Testimonianze di chi visse quell’orrore, da diari di soldati e ufficiali inviati in guerra dall'italia per occupare (Ciampi direbbe "liberare") il sud-tirolo:


1/12/1915: …Fino che eravamo al masatorio in prima linea, in rischio di farci macelare ogni minuto, ci trattavano (i superiori) un po' meglio, perché avevano paura di noi e quando si fa per avanzare cridavano avanti, avanti altrimenti vi sparo...".
14/3/1916: ... se sapessi quante barbarie, che modi di aggire, che buone maniere verso i soldati! Come i padri che educano i figli siamo presi a schiaffi e calci, ma se Iddio mi da vita a farmi arrivare in Italia saprò io…
"I discorsi dei fanti non sono allegri. E oggi parlavano sul tema: fucilazioni. Che è il più lugubre. Che c'è di vero nei racconti delle iniquità e delle ingiustizie senza nome attribuite ai tribunali militari? Serrentino racconta di come fu mandato a morire sotto il fuoco nemico un aspirante di diciannove anni, arrivato da tre ore in trincea, i cui uomini si erano sbandati davanti alle mitragliatrici austriache. Ma il fatto più atroce è un altro. Presso un reggimento di fanteria, avviene un'insurrezione. Si tirano dei colpi di fucile, si grida non vogliamo andare in trincea.Il colonnello ordina un'inchiesta, ma i colpevoli non sono scoperti. Allora comanda che siano estratti a sorte dieci uomini; e siano fucilati. Sennonché, i fatti erano avvenuti il 28 del mese, e il giudizio era pronunciato il 30. Il 29 del mese erano arrivati i " complementi", inviati a colmare i vuoti prodotti dalle battaglie già sostenute: 30 uomini per ciascuna compagnia. Si domanda al colonnello: "Dobbiamo imbussolare anche i nomi dei complementi? Essi non possono aver preso parte al tumulto del 28: sono arrivati il 29 ". Il colonnello risponde:." Imbussolate tutti i nomi". Così avviene che, su dieci uomini da fucilare, due degli estratti sono complementi arrivati il 29. All'ora della fucilazione la scena è feroce. Uno dei due complementi, entrambi di classi anziane, è svenuto. Ma l'altro, bendato, cerca col viso da che parte sia il comandante del reggimento, chiamando a gran voce: "Signor colonnello! signor colonnello! ". Si fa un silenzio di tomba. Il colonnello deve rispondere. Risponde: "Che c'è figliuolo? ". " Signor colonnello! " grida l'uomo bendato "io sono della classe del '75.Io sono padre di famiglia. Io il giorno 28 non c'ero. In nome di Dio! ". "Figliuolo" risponde paterno il colonnello "io non posso cercare tutti quelli che c'erano e che non c'erano. La nostra giustizia fa quello che può. Se tu sei innocente, Dio te ne terrà conto. Confida in Dio".
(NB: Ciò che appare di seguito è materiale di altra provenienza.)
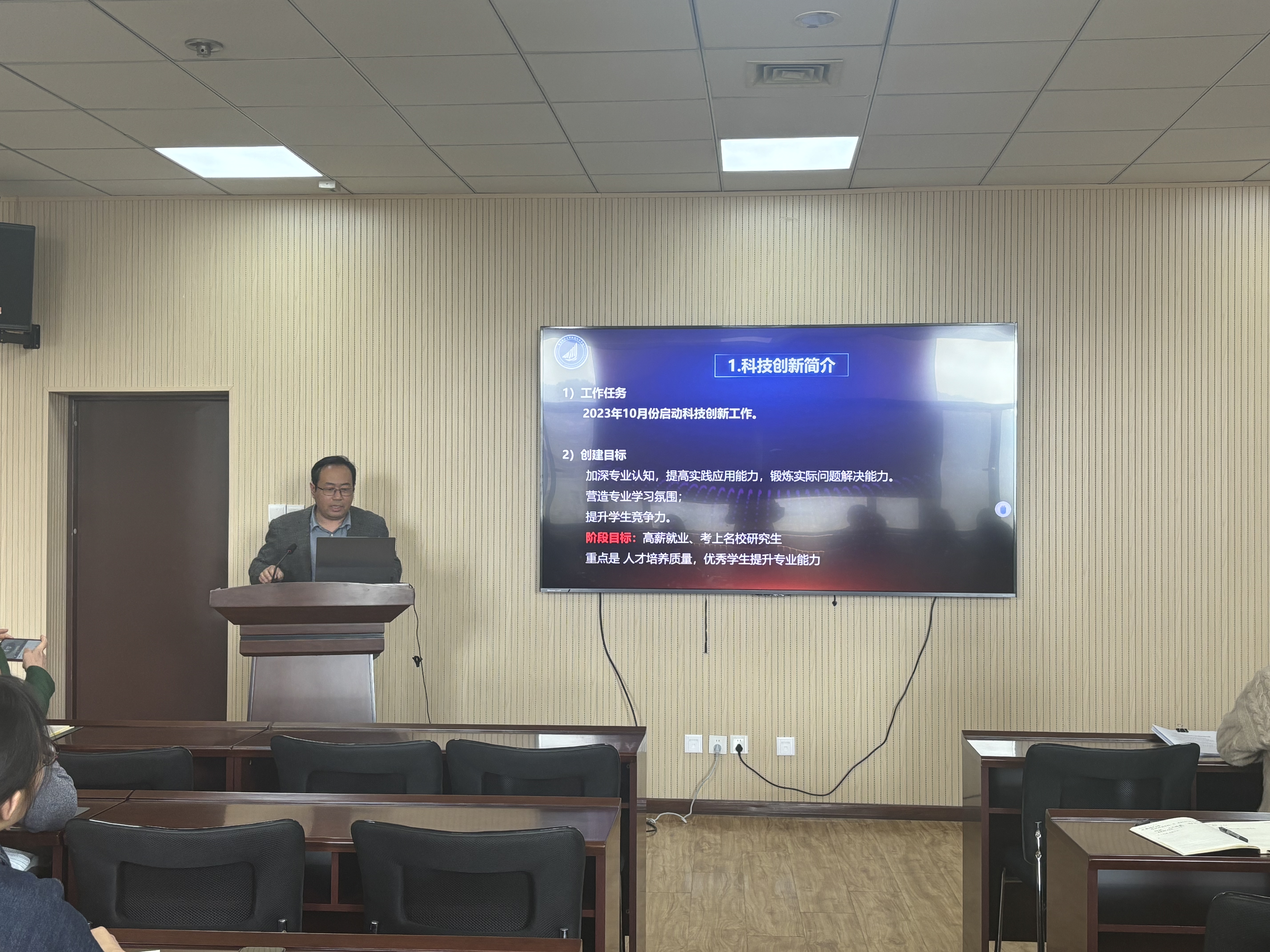 辅导员姜国华对学科竞赛的具体内容、参赛要求和注意事项进行了介绍,从队伍梯队化、结构健康化、项目多样化方面介绍了学生科创队伍建设。
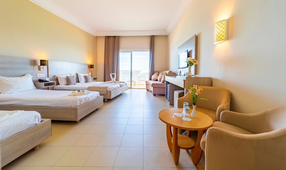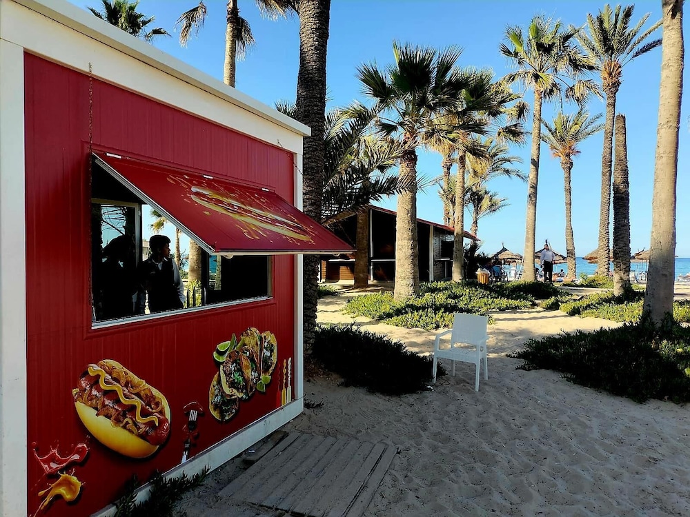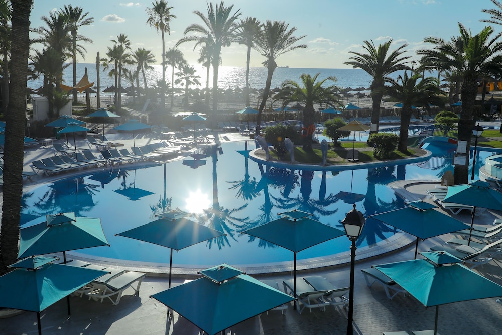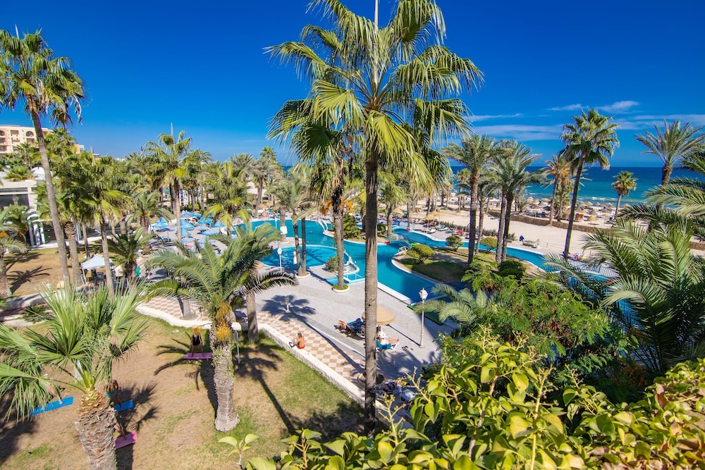 W czasie pobytu w obiekcie takim jak Riadh Palms Resort & Spa w mieście Sousse (Boujaafar) zamieszkasz w odległości pięciu minut piechotą od atrakcji takich jak Sousse Beach (plaża) i Nadmorska Promenada w Sousse. Hotel (przy plaży) znajduje się 2,4 km od atrakcji takiej jak Plaża Boujaffar i 2,6 km od miejsca takiego jak Casino Veneziano. Poczuj się jak w domu w 650 klimatyzowanych pokojach, których wyposażenie to minibar i telewizor płaskoekranowy. Do pokoju przylega umeblowany balkon. Bezpłatny bezprzewodowy dostęp do internetu zapewni łączność ze światem, a telewizja satelitarna — rozrywkę. Wyposażenie łazienki: wanna połączona z prysznicem i suszarki do włosów. Odległości są podane z dokładnością do 0,1 kilometra.

“Nel marzo 1916 il mio comandante di divisione, al quale riferivo per telefono le ragioni per cui una operazione ordinatami non poteva riuscire e si sarebbe avuto un macello, osservò che di carne da macello da darmi ne aveva quanta poteva abbisognarmene; risposi che facevo il colonnello non il macellaio; s’interruppe il telefono: un ordine scritto mi ordinò l’onerosa operazione.”.
"Tutte le volte che c'era un attacco arrivavano i carabinieri. Entravano nelle nostre trincee, i loro ufficiali li facevano mettere in fila dietro di noi e noi sapevamo che - quando sarebbe stata l'ora- avrebbero sparato addosso a chiunque si fosse attardato nei camminamenti invece di andare all'assalto. Questo succedeva spesso. C'erano dei soldati, ce n'erano sempre, che avevano paura di uscire fuori dalla trincea quando le mitragliatrici austriache sparavano all'impazzata contro di noi. Allora i carabinieri li prendevano e li fucilavano. A volte era l'ufficiale che li ammazzava a rivoltellate."
"Non si creda agli atti di valore dei soldati, non si dia retta alle altre fandonie del giornale, sono menzogne. Non combattono, no, con orgoglio, né con ardore; essi vanno al macello perché sono guidati e perché temono la fucilazione. Se avessi per le mani il capo del governo, o meglio dei briganti, lo strozzerei". (B.N. anni 25, soldato; condannato a 4 anni di reclusione per lettera denigratoria,1916)
20/3/1916: ”I superiori... anno anche paura che come abbiamo fatto a metterci d’accordo e di non avanzare possiamo anche metterci d'accordo a fare come ha fatto qualche reggimento che vio forse non lo sapete perché queste cose sui giornali non le mettono...”
10/1/1916: ”…Altro che combattere contro il nemico, Io non combatterò mai contro i miei fratelli per prendere (Trieste?). Cadorna, Boselli che loro sta in Italia, sevverrò in licenza di questi la pelle ci farò...”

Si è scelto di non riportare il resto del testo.